Technical information
- ERP: 17.063 kW visual, 9.595 kW aural
- HAAT: 84 m (274 ft)

= WPAG-TV =

WPAG-TV (channel 20) was a television station in Ann Arbor, Michigan, United States, which operated from 1953 to 1957.

==History==

WPAG-TV signed-on April 3, 1953, making it both Washtenaw County's first TV station and the first UHF station in Michigan (Saginaw's WKNX-TV, now WEYI-TV, signed on two days later).

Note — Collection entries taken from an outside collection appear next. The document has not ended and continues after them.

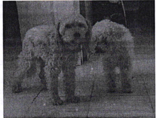
Figuras 1 a 3. Ejemplares caninos que responden a los nombres de "Pulga", "Luna", "Niki" y "Suri".

En virtud de lo antes expuesto, esta Entidad considera procedente emitir la presente resolución, de conformidad con el artículo 27 fracción VI de la Ley Orgánica de esta Procuraduría, por imposibilidad legal, al no constatar irregularidades en materia de bienestar animal.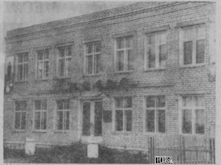
Село Тоншаево. Ателье.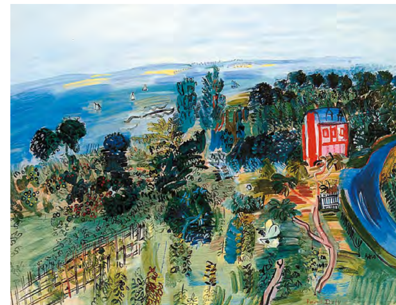
3. Raoul Dufy: Villerville magántulajdon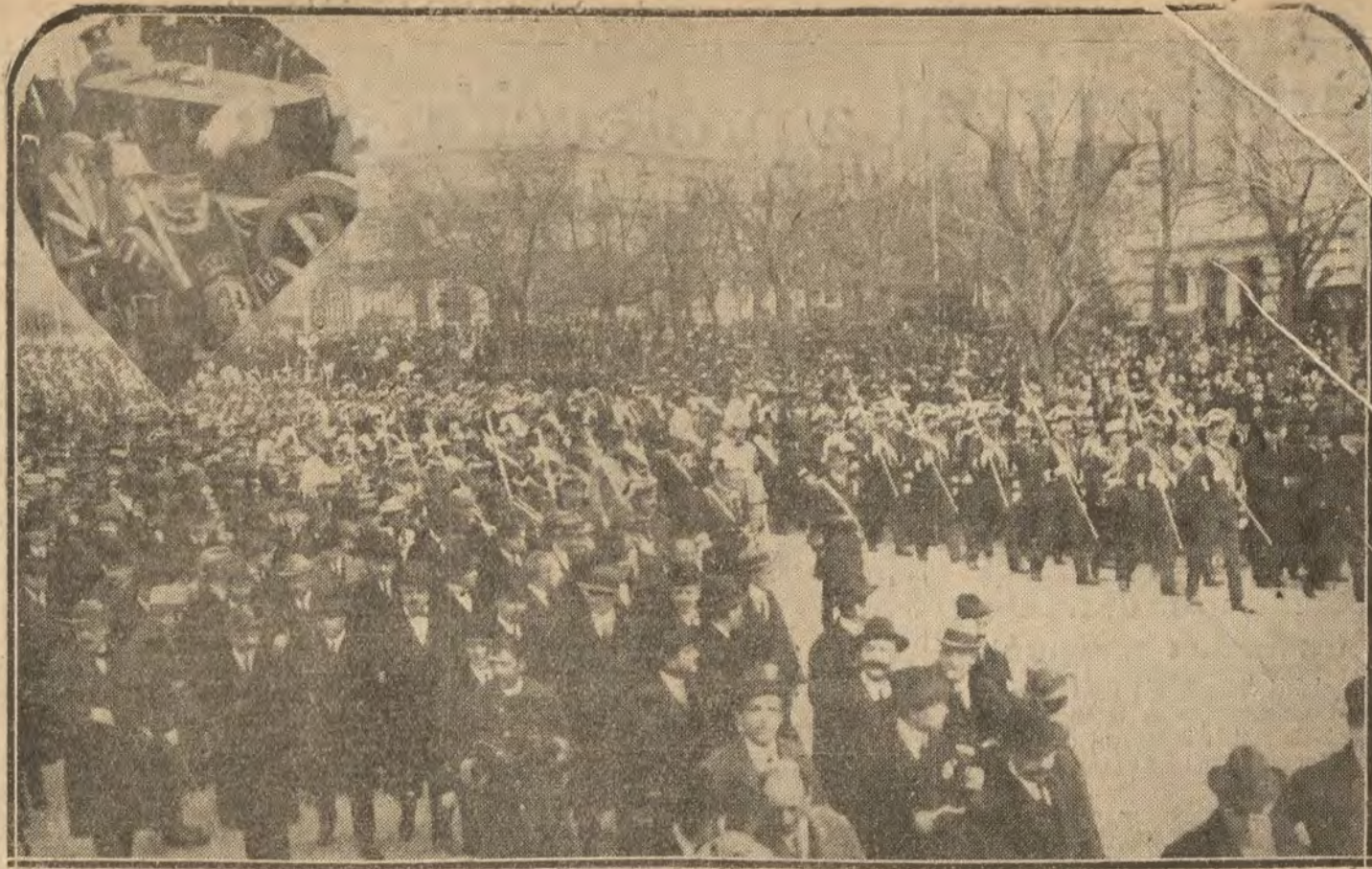
El entierro del presidente del Consejo. Numerosa pública que formó una imponente manifestación de duelo. En el ángulo, el féretro.

Casa fundada en 1889. MADRID. Manuel Quesada. Calzados gran novedad.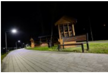
• 2020_04_29_Rabczańskie bulwary z lotu ptaka i nocą

WPAG-TV was owned by the same people (Washtenaw Broadcasting) who operated WPAG radio (now WTKA). Art Greene (president) and Edward Baughn (general manager) were listed as both owning 50% of the station's stock (by 1957, Baughn would own 100% of the station); studios were located in downtown Ann Arbor, in the same building as the radio station. As of 1955, WPAG-TV broadcast during the evening hours only, from 6 p.m. to 11:30 p.m., although they did sometimes operate in the afternoon hours to carry Detroit Tigers games, apparently as a backup to WJBK-TV in Detroit.

WPAG-TV was nominally an independent station, but is believed to have been at least a part-time DuMont affiliate. After the demise of DuMont, the station allowed the University of Michigan to supply educational programming. In later years, ABC provided such programs as The Adventures of Ozzie and Harriet and Sky King; the station also added a five-minute local newscast on weeknights, featuring WPAG radio's Dave Prince reading wire service copy. Channel 20 even managed a ten-fold increase in power (to 17,500 watts) in late 1955, but there were still few UHF viewers in the expanded 30 to 40 mi coverage radius around Ann Arbor.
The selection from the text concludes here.